Pras dan Sandra, lagi, hanya mampu mendengarkan.
"Papa tahu benar, kalau cinta yang
dimilikinya, yang diserahkannya pada Mama, jauh lebih besar dari apa yang
didapatkannya dari Mama," gumam Mia, amat pelan.
"Aku tidak menganggap begitu," sanggah
Pras.
"Kalian tidak pernah dekat Papa!" balas
Mia tegas. "Hanya aku yang
selalu bersama Papa dalam masa-masa remaja kita. Kalian sibuk dengan acara
sendiri-sendiri. Kalian menikmati semua apa yang diberikan Mama. Kalian memuja
Mama untuk semua permintaan yang tidak pernah ditolaknya. Tapi cobalah ingat,
siapa yang menemani Mas Pras setiap malam di rumah sakit ketika kecelakaan dulu? Siapa yang menghiburmu di rumah sakit? Yang
mengembalikan harapan-harapan dan membangunkan masa depan untukmu? Pernahkah
Mama bermalam di rumah sakit sambil bercerita tentang keindahan hidup kita
berkeluarga?
"Dan, Mbak Sandra, tidakkah kau ingat siapa
yang membimbing dengan sabar dan penuh kasih ketika kau terjerumus dalam
kehidupan hura-hura dulu? Siapa yang menuntun kita semua hingga mampu melewati
masa remaja yang mengerikan itu? Hingga seperti sekarang? Kalau bukan karena
Papa, kita semua telah lama hancur. Kita akan tenggelam
dalam kehidupan yang telah ditawarkan Mama. Kebendaan yang melenakan."

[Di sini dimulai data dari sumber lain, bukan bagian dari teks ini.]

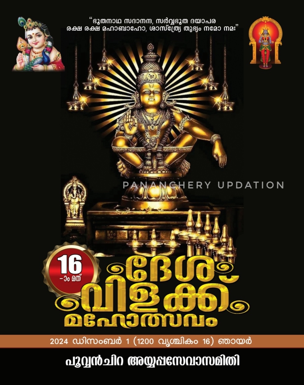 പൂവ്വൻചിറ അയ്യപ്പസേവാസമിതിയുടെ 16 -ാം മത് ദേശവിളക്ക് മഹോത്സവം 2024 ഡിസംബർ 1 ന്. ദേശവിളക്ക് മഹോത്സവം സുരേഷ് ശാന്തിയുടെ മുഖ്യകാർമികത്വത്തിൽ നടത്തുന്നു. രാവിലെ 5.30 ന് ഗണപതിഹോമം, രാവിലെ 8.00 ന് – കെട്ടുനിറ , വൈകീട്ട് 5.30 ന് എഴുന്നളളിപ്പ് (SNDP ഗുരുദേവ ക്ഷേത്രത്തിൽ നിന്ന്) , വൈകീട്ട് 6.00 ന് ദീപാരാധന ,രാത്രി 8.00 ന് അത്താഴപൂജ ,രാത്രി 8.30 ന് അന്നദാനം തുടർന്ന് പന്തലിൽ ശാസ്താംപാട്ട് ആനന്ദകുമാർ അരിമ്പൂരിൻ്റെ നേതൃത്വത്തിലും ചിന്ത് പാട്ട് ശക്തിവേൽ കാവടിചിന്ത് ചിറ്റിശ്ശേരിയുടെയും നേതൃത്വത്തിൽ നടത്തും.

"Aku ingat dan tahu itu," gumam Sandra,
berat, seolah membenarkan seluruh paparan Mia. “Tapi jangan
terlalu di dramatisir, Mia."
"Apakah juga mendramatisir namanya bila Papa
berniat membantu Pak De dan Mama malah menyindir sinis?" balas Mia sedikit
meradang. “Apakah Mbak Sandra tidak tahu bagaimana kehidupan
Pak De? Bagaimana susahnya seorang pegawai rendahan menghidupi delapan anak?
Aku masih ingat, ketika itu Bu De mendatangi Papa di kantornya. Operasi ginjal
terhadap Tio, anaknya, harus segera dilaksanakan. Sedangkan mereka tak lagi
punya uang karena telah terkuras selama Tio harus cuci darah. Apakah salah bila mereka meminjam pada Papa? Pada
darah daging mereka sendiri? Bukankah Bu De dengan Papa sama halnya aku dengan
Mas Pras misalnya? Tapi waktu itu, entah ada apa, Mama mendadak muncul.
Kebetulan sekali di saat Papa menyerahkan sejumlah uang. Dan kalian tahu apa
yang terjadi malamnya?" Mia memandangi Pras dan Sandra bergantian, lalu dilanjutkannya
tuturannya, "Mama memaki papa. Sok kayalah, sok santun, sok beramal.... Padahal
papa hanya membantu anak kakaknya, keponakannya. Apakah itu salah? Apakah setiap pengeluaran Papa
harus lapor pada mama? Inikah yang kau sebut didramatisir?” Mia
memelototkan matanya pada Sandra.
Sandra hanya terdiam. Pras pun hanya menekuri lantai. Melihat gelagat itu,
Mia makin menjadi.
"Ingat-ingatlah
dengan baik apa yang sesungguhnya yang telah terjadi dengan Papa selama ini. Aku heran, mengapa Mas Pras, yang sesama lelaki dengan Papa, tidak dapat merasakan perasaan itu,” tutur
Mia, mulai datar. "Seharusnya kau lebih mengerti dari aku....”
Dari dalam kamar, entah
karena Rustam mendengar percakapan itu, atau
karena sebab lain, beberapa tetes air bergulir di pipinya.